The task
Exact copy, no pictures: every line from the one that contains "Bタイプ 第一ラン(1R) 3km(3km×1周)" through the end of the data below, and nothing else.

[Opening Material shown section]

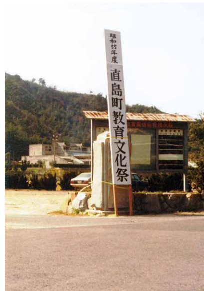
昭和55年教育文化祭の風景

作品の出品を希望される方は、 10月12日(水)【必着】 までに教育委員会へ申し込んでください。 申込用紙は教育委員会（役場2階）・西部公民館・総合福祉センターに置いてあります。
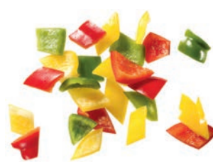
Paprika Mix Würfel (20 mm)
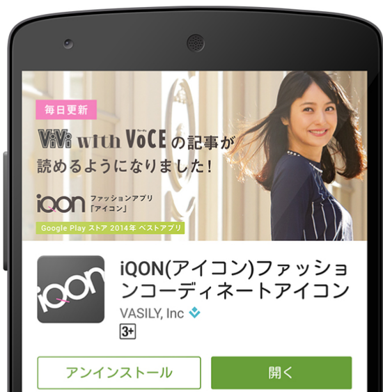
Google Play ストア

https://play.google.com/store/apps/details?id=jp.vasily.iqon&hl=ja
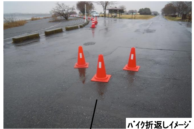
バイク折返しイメージ

Bタイプ 第一ラン(1R) 3km(3km×1周) バイク(B) 50km (10km× 5周) 第二ラン(2R) 10km (2km× 5周)
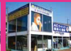
钣金・車のエステ
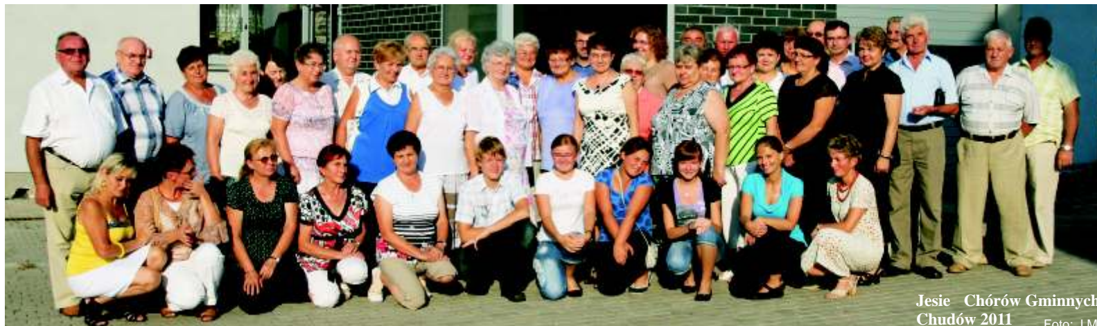
Jesień Chórów Gminnych Chudów 2011

s równie okazją do wspólnej zabawy, rozmów i omawiania muzycznych planów na przyszłość.

[Closing Material shown section]

Reply to the task
Bタイプ 第一ラン(1R) 3km(3km×1周) バイク(B) 50km (10km× 5周) 第二ラン(2R) 10km (2km× 5周)
钣金・車のエステ
Jesień Chórów Gminnych Chudów 2011

s równie okazją do wspólnej zabawy, rozmów i omawiania muzycznych planów na przyszłość.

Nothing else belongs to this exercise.